4. Virginia trip helps defense bond

Just like the offense did in Florida, some of the players on the Bills defense met up in Virginia to train together in June. Poyer said the time together was very valuable in creating a better connection with each other. The group spent time working on positional drills, and made time to focus on getting the younger players up to speed.

"It was like we didn't miss a beat," Poyer said. "The communication was there. Guys were out there working. I was surprised with how, I wasn't surprised because I know guys on this team, just being able to go out there and see we treated it like a practice and see Tremaine take the linebackers. We got the DBs together, we did our individual drills. We brought everybody together, we did quarterback-vision drills, we did run fits, we did formation recognition.
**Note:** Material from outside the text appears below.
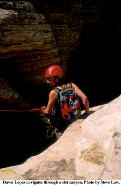 We are in a canyon south of Zion National Park. We have just spent an hour hiking up a fairly narrow canyon. We did it by hugging the ledges and goat trails along its sides. We stop to rest in the shade of a slot canyon two shoulder-widths wide. Our instructor will give us some training, after which we'll go back downcanyon, this time right through its center, over its edges, ledges and waterfalls and through its cold pools of standing water.

"Just seeing the communication between the guys, seeing the younger guys learning. They've only been in virtual meetings, but you can see that they have been studying and are asking questions, the right questions. It's very promising. There's going to be a lot of hard work and dedication coming into a season to get to where you want to go, but it's very promising and I think everybody's excited to be back here and get to work."

5. Coaches have done a great job providing the blueprint

Head coach Sean McDermott and general manager Brandon Beane described the lengths they and the staff at One Bills Drive has gone to in order to make sure everyone has a safe and healthy environment when they're at the complex. Poyer said the staff has done a great job explaining what the players need to do in order to stay safe in the facility and at home. Due to protocols, Poyer explained the team is ready to adapt by day.

"I think just us as players, just being able to continue to adapt to how they're handling things in the front office to and passing it along to us," Poyer explained. "And then, it's up to us to apply that in our daily lives and apply that as you go home. Our families all understand what we're going through, and they understand it. They're just as much a part of it, of our team success, as we are. I think our coaches and staff have done a great job kind of laying out the blueprint as to what to expect. We're just going to continue to build off of that, and I think that we're heading in the right direction so far."

Monday was the first day the team was at the complex together, and Poyer said the differences in the facility from this season to last are night and day.

6. Expectations to build off last season

The Bills defense has expectations to remain one of the best in the league this season because they return several starters. Some of those starters, Tremaine Edmunds and Matt Milano, are also a year older and wiser. When you throw that into the mix with new defensive line additions who provide versatility, the expectations may seem even higher. Poyer feels their goals as a defense are attainable because many key pieces have been together in the defense for years.

"It's just a matter of continuing to build off of what we've built the last two/three years here," Poyer said. "We obviously still have that bad taste in our mouth from the Houston game. That should be enough to fuel us coming into this season and understanding what we need to do to get over that hump. I love the pieces that we have. I love the additions that we brought in. We're going to continue to work to get over that hump, and like I said the ultimate goal is to bring a championship to Buffalo. It's going to take hard work and dedication. We have the right guys on the team to do that."

The players know the expectations for themselves and from the coaches are far higher than the public. Poyer said the important thing is making sure the young players are taking valuable reps, especially in a season where the rookies didn't participate in OTAs or minicamps.